Clean the homogenizer probe between different samples by rinsing with 50% LC-MS grade isopropanol or ethanol followed by LC-MS grade H2O for three times.
-
34.
With a handheld sonicator (we use Fisher Model 120), sonicate homogenized samples at 40% amplitude for 1 s, pause for 5 s. Repeat step 6 for a total of 15 cycles.
-
35.
Centrifuge samples at 5,000 × g for 1 min at 4°C, and vortex for 10 s.
-
36.
Repeat steps 6 and 7 for two additional times for a total of three rounds of sonication.
-
37.
Centrifuge samples at 14,000 × g for 15 min at 4°C. Collect supernatants and measure protein concentration with the BCA protein assay kit following manufacturer instruction.
-
38.
Proceed to the next step “Protein Digestion using Trypsin and Lys-C,” or snap freeze protein samples in liquid nitrogen and store at −80°C.
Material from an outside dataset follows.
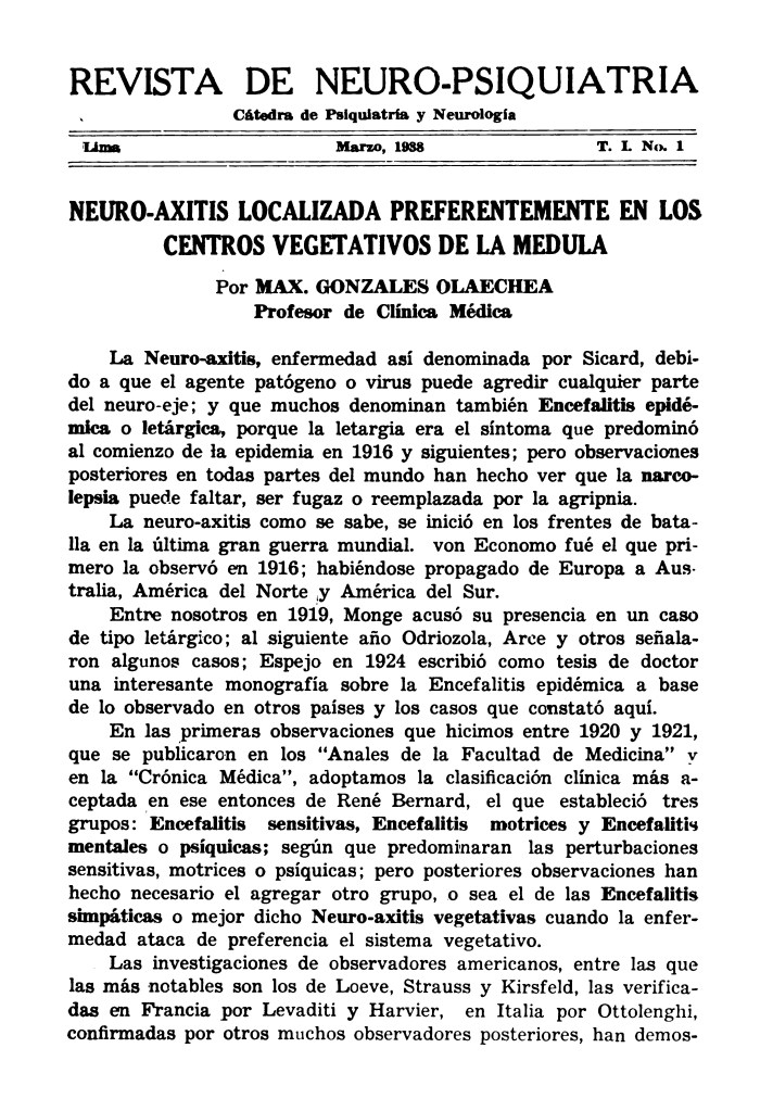 | Reseña | La Revista de Neuro-psiquiatría comenzó a publicarse en marzo de 1938, dirigida por los doctores Honorio Delgado y Julio Óscar Trelles. Funcionó como órgano de difusión de los trabajos de la Sociedad de Neuro-Psiquiatría y Medicina Legal, fundada ese mismo año, así como también los de la Cátedra de Psiquiatría y Neurología de la Facultad de Medicina de la Universidad Nacional Mayor de San Marcos (Mariátegui, 1997, p. 143). Es la revista científica más importante en el rubro de la salud mental que actualmente se publica en el Perú. La circunstancia que decidió la fundación de la Revista de Neuro-psiquiatría fue la elección de Lima como sede de la Segunda Reunión de las Jornadas Neuro-Psiquiátricas Panamericanas, efectuada del 20 al 25 de marzo de 1939 (Mariátegui, 1987, pp. 1-2). Dicho evento resaltó la importancia de la publicación de revistas especializadas en psiquiatría y neurología, que permitan el debate científico y la difusión de sus resultados. Fue, en términos generales, una prolongación de la Revista de Psiquiatría y Disciplinas Conexas, que había empezado a publicarse en 1918 y dejado de hacerlo en 1924. Honorio Delgado, fundador de esta última junto a Hermilio Valdizán, vio la ocasión de continuar el antiguo proyecto que generara con su maestro, a través de una nueva publicación periódica. Asimismo, la revista tiene el gran mérito de ser la más antigua y regular de las publicaciones psiquiátricas latinoamericanas (Mariátegui, 2000, p. 150). En su interior, se encuentran artículos originales plenos de calidad y rigurosidad científica, que exhiben los principales trabajos clínicos de las escuelas peruanas de psiquiatría y neurología, así como colaboraciones del exterior y una activa sección de recensiones o reseñas de libros y revistas. Aunque no fue el órgano oficial de la Sociedad de Neuro-Psiquiatría, publicó la transcripción de los resúmenes y crónicas de sus actividades científicas, tales como congresos, conferencias y demás exposiciones de tipo clínico, patológico y terapéutico de las especialidades a cargo de sus destacados miembros. Se convirtió en la expresión documentada de los desarrollos de la neurología, la psiquiatría, la neurocirugía y disciplinas afines en el Perú, adaptándose a los cambios propios de la metodología de la investigación, al tiempo que recogió lo más relevante y significativo de las mencionadas disciplinas. La crisis institucional que sufrió la Facultad de Medicina San Fernando a inicios de la década del 60 del siglo pasado, que tuvo como consecuencia la renuncia masiva de sus más insignes catedráticos, repercutió en la administración orgánica de la revista. Con el pasar de los años pero de manera ininterrumpida, se publicó primero con un régimen autónomo, bajo la dirección de los facultativos fundadores y el mismo cuerpo de redacción, y desde el 2008 pasó a la custodia y dirección de la hoy denominada Universidad Peruana Cayetano Heredia, patrocinada por la Facultad de Medicina “Alberto Hurtado” y la Cátedra “Honorio Delgado”. Allí asumiría después la dirección de la revista –compartida por un tiempo con Luis Trelles Montero, neurólogo e hijo de Don Julio Óscar— el brillante y fecundo psiquiatra Javier Mariátegui, quien, dotado de una cultura universal de múltiples facetas, siendo un notable académico de la medicina, de la historia y de la lengua, continuaría por la misma senda trazada por sus antecesores, con el mismo rigor académico y admirable ímpetu, llegando a consolidar una etapa de intensa conexión de la revista con la psiquiatría y neurología latinoamericana y europea (Alva, 2015, pp. 107-108). Referencias bibliográficas: Alva, A. (2015). La Revista de Neuro-psiquiatría: reflexiones sobre sus fundadores, sus “laboratorios” y su historia institucional. Revista de Neuro-psiquiatría, 78(2):102-109. Mariátegui, J. (1987). El cincuentenario de la Revista de Neuro-psiquiatría. Revista de Neuro-psiquiatría, 50(1):1-3. Mariátegui, J. (1997). Seguín y la historia societaria de la psiquiatría en el Perú. Revista de Neuro-psiquiatría, 60(2), 141-144. Mariátegui, J. (2000). Prensa psiquiátrica latinoamericana. Revista de Neuro-psiquiatría, 63(3-4):138-152. |

Protein Processing and Shotgun Proteomics Analysis
Timing: ∼24 h
This goal of this step is to reduce, alkylate, and proteolyze proteins into peptides for MS experiments.
-
39.
Remove detergent from protein samples using the Detergent Removal Spin Column (Pierce) following manufacturer instruction.
-
40.
Quantify protein concentration with the BCA Protein Assay Kit (Thermo).
-
41.
Measure 100 μg protein and adjust sample volume to 100 μL in a protein low-bind Eppendorf tube with ammonium bicarbonate (100 mM).
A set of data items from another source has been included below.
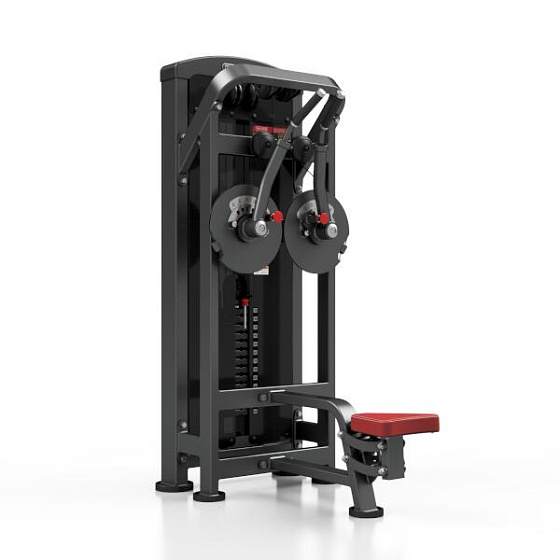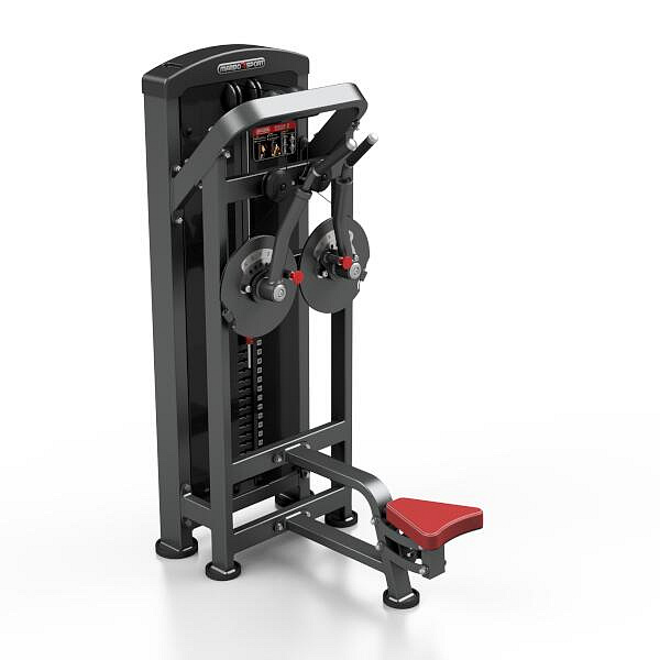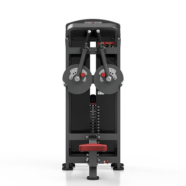 Upažování MARBO MP-U236 je nekompromisní, profesionální vybavení pro Vaší posilovnu. Pro výrobu byly zvoleny ocelové profily 120x60x3mm a 80x40x3mm, které zaručují nečekanou trvanlivost. Zátěž tvoří 13ks 10kg cihel. Celková váha závaží dodávána se strojem je tedy 130kg. Sedadlo je výškově regulovatelné ve čtyřech stupních a je podpořeno pneumatickým pístem, takže pro změnu výšky nemusíte ze stroje sesedat. Každé rameno jde nastavit do jedné ze šesti poloh. Všechny přenastavení se provádí pomocí červených, pružinových jistících kolíků. Polstrovaní je ze syntetické kůže sešité režnou nití značky COATS vyplněné tvrdou pěnou, to celé ja na 3mm hrubé, ocelové desce. Tichý chod zajištuje zakrytování černým plastem, z přední části je kryt opatřen průhledem pro snadné nastavení požadovaného počtu cihel. Stroj je navíc opatřen velikou samolepkou, která instruuje cvičence, jaké cviky jdou na stroji provádět a které skupiny svalů daný cvik posiluje.
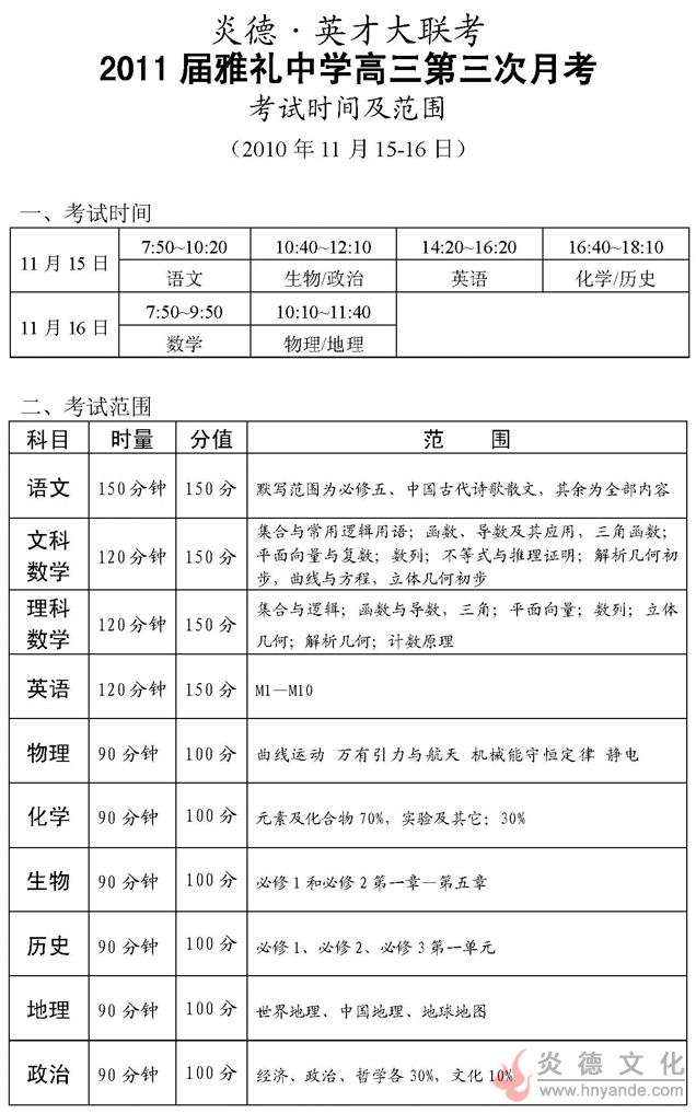 來源:本站原創(chuàng)點(diǎn)擊:2010-11-11 10:09:06收藏本文當(dāng)前位置:考試范圍 雅禮中學(xué) 高三 正文
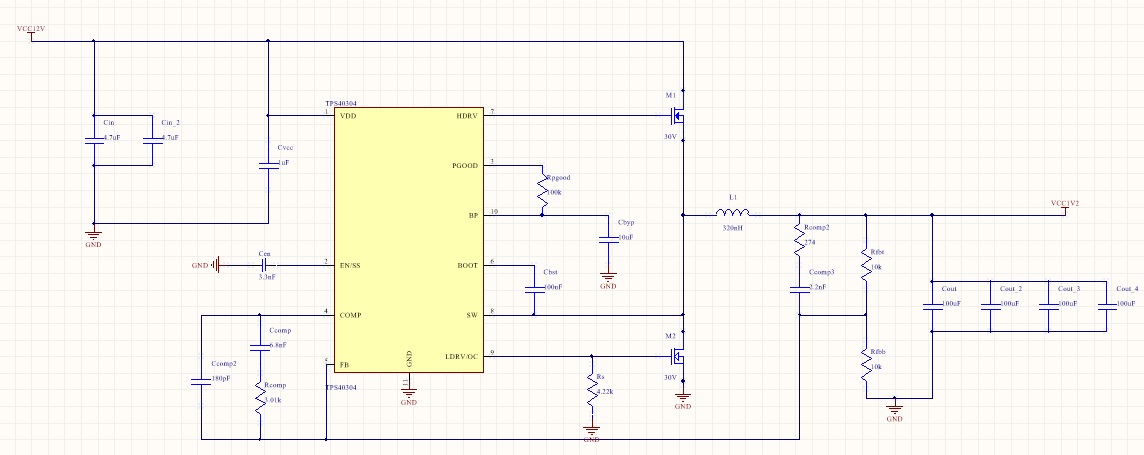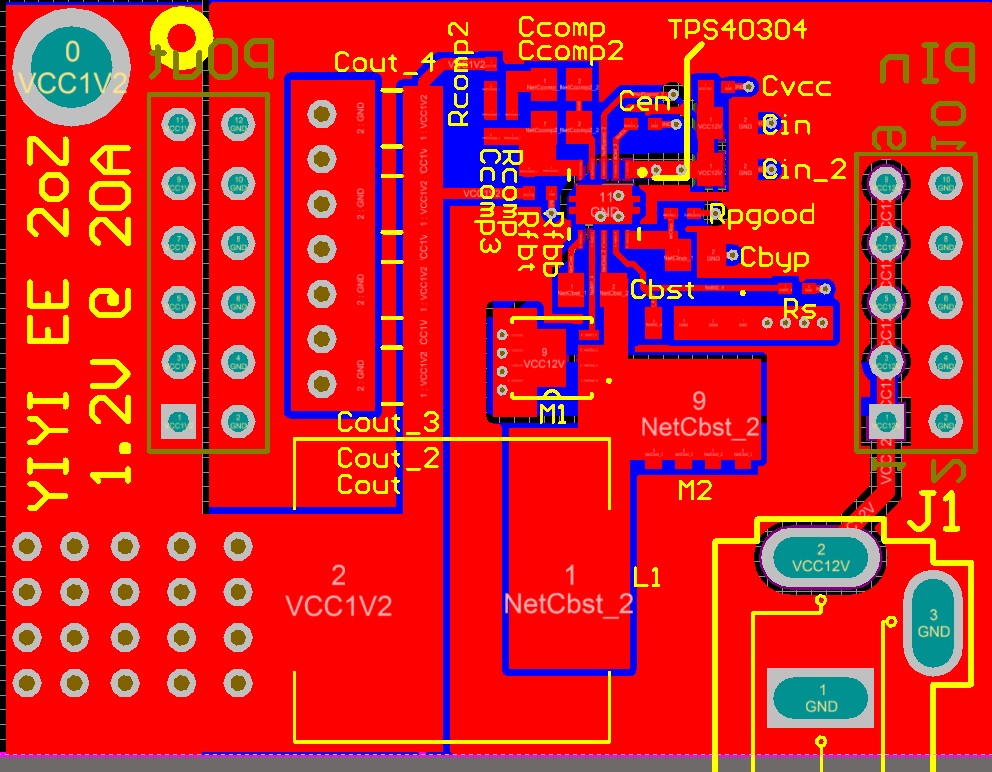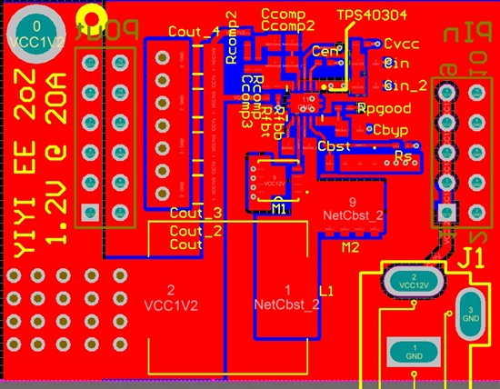 tps40304我先做成了一个小模块做测试,我想让它能输出1.2V@16A或以上的电流,现在板子好了,发现输出的1.2V有噪声,找不到问题,
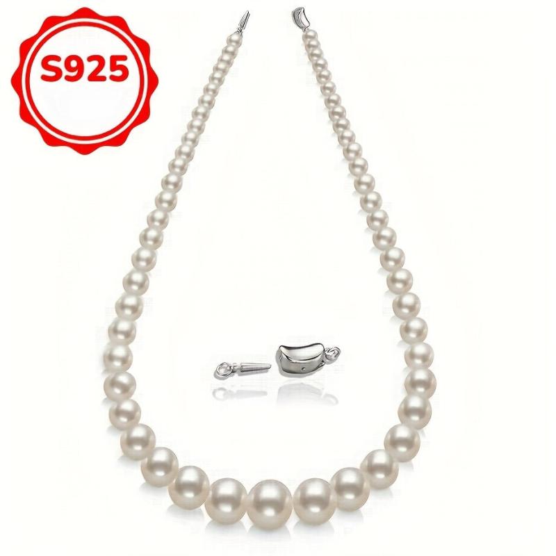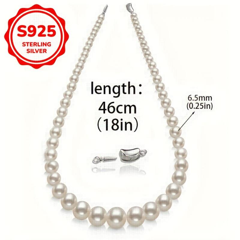This elegant pearl necklace is crafted with 925 sterling silver overlay, making it ideal for daily wear and gift giving. It is compatible with all seasons and features a low allergy bead material for added comfort.

CRITICAL: Ammonium bicarbonate needs to be freshly prepared.
-
42.
Add 10 μL of 60 mM DTT into the sample. Wrap the sample tube with parafilm to prevent samples from drying out or accidental spillage. Vortex for 10 s and quickly spin on a mini spin centrifuge. Incubate at 55°C for 30 min with 600 rpm shaking.
-
43.
Quickly spin the sample on a mini spin centrifuge. Allow the sample to cool down to 20°C–22°C.
-
44.
Add 5 μL of 375 mM IAA to the sample. Vortex for 10 s and quickly spin on a mini centrifuge. Incubate in the dark at 20°C–22°C for 30 min with optional 600 rpm shaking.
CRITICAL: IAA is light sensitive and needs to be freshly made.
-
45.
Quickly spin the sample on a mini centrifuge. Add 2 μg of MS-grade trypsin/Lys-C Protease Mix to the sample and wrap the tube with parafilm to prevent the sample from drying. Incubate at 37°C with optional 600 rpm shaking for 16–20 h.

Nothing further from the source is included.